Publié le dimanche 28 juin 2026 dans la rubrique Toulouse
Incendie à l'école de Cazères : le feu maîtrisé, pas de blessés, l'école rouvre lundi
Un incendie a ravagé une école élémentaire à Cazères, une commune située au sud de Toulouse, samedi soir. L’alerte a été donnée peu avant 21 heures, signalant que le bardage en bois de la façade de l’établissement était en proie aux flammes.
Intervention des pompiers
Pour maîtriser le sinistre et éviter toute propagation, le centre opérationnel d’incendie et de secours de la Haute-Garonne a mobilisé rapidement six engins et dix-sept sapeurs pompier. Ces derniers provenaient des centres de secours de Cazères, Carbonne, Rieux, Le Fousseret et Saint-Gaudens. Grâce à un déploiement rapide de lances à eau, les pompiers ont réussi à stopper le feu, limitant ainsi les dégâts au bardage en bois et à l’isolant, sans toucher aux locaux intérieurs.
Pas de blessés à déplorer
Heureusement, aucun blessé n’est à déplorer. L’établissement était vide de ses élèves et de l’équipe pédagogique au moment de l’incendie. Cela a permis d’éviter des conséquences tragiques.
Réactions de la mairie
Ce dimanche, la mairie de Cazères a tenu à rassurer les habitants. Selon les autorités locales, la réactivité des pompiers a permis de limiter les dégâts. "Seul le bardage en bois est touché et les locaux intérieurs n’ont absolument pas été impactés par ce sinistre", a déclaré un représentant de la mairie. Cela signifie que l’école pourra fonctionner normalement dès le début de la semaine, y compris pour les activités périscolaires.
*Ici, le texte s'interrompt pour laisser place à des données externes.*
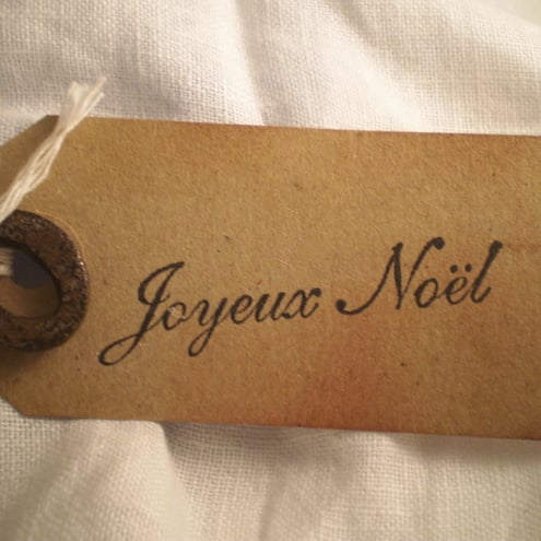 The background to this 1.5 x 3.5 inch luggage tag has been hand stamped and distressed and the sentiment " Joyeux Noel" added
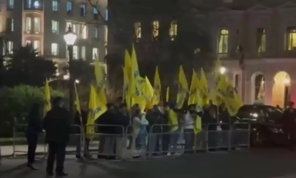 The protestors had gathered outside the building, holding flags and speakers as they sloganeered.
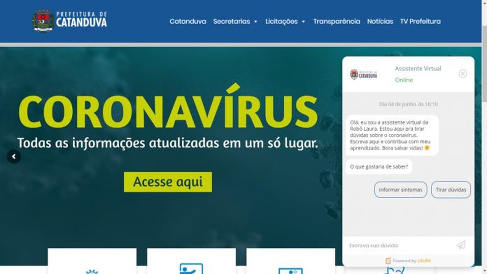 A Prefeitura de Catanduva (SP) lançou uma plataforma de inteligência artificial responsável por fazer a triagem e o acompanhamento online de pacientes com suspeita de coronavírus.
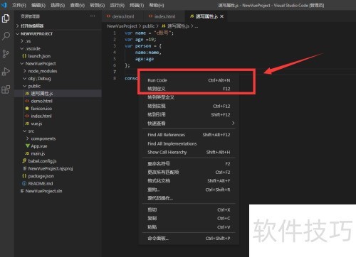 5、 进入代码界面后,鼠标右键点击,选择run code即可运行。
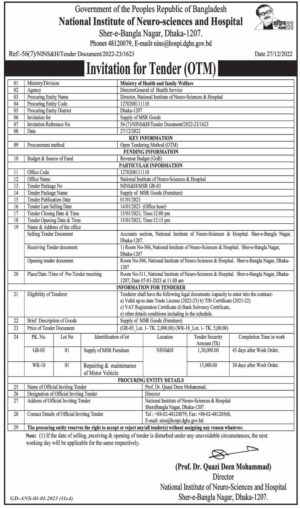 | Tender organization | National Institute of Neuro-sciences and Hospital |
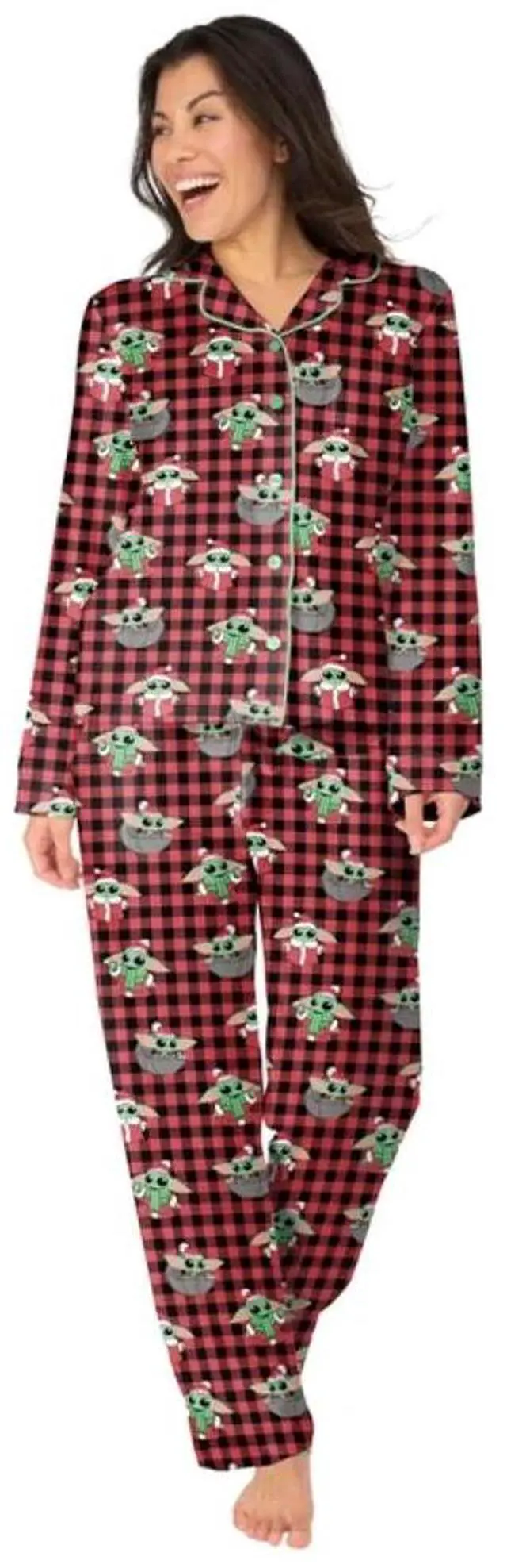 This Star Wars Baby Yoda Munki Munki Women's Classic Notch PJ Set in size Large includes a long sleeve top with a button closure, perfect for the winter, fall, or spring seasons. The multicolor pajama set features Baby Yoda from the Star Wars franchise, making it a fun and stylish choice for any Star Wars fan. Made by the brand Munki Munki, this pajama set is machine washable for easy care and is a must-have for any woman wanting to cozy up in style.

Préparatifs pour la réouverture
Les services techniques de la ville ont été alertés et procéderont au nettoyage des débris avant l’ouverture de l’école lundi matin. La mairie assure que tout sera mis en œuvre pour garantir un retour à la normale.
Enquête en cours
Samedi soir, le maire Raymond Defis s’est rendu sur les lieux de l’incendie, accompagné par des gendarmes de Cazères. Une enquête a été ouverte sous l’autorité du parquet de Toulouse. Les techniciens en investigations criminelles de la gendarmerie doivent réaliser des prélèvements pour détecter d’éventuels produits accélérants. À ce stade, toutes les hypothèses sont examinées, ce qui témoigne de la volonté des autorités de comprendre les circonstances de cet incident.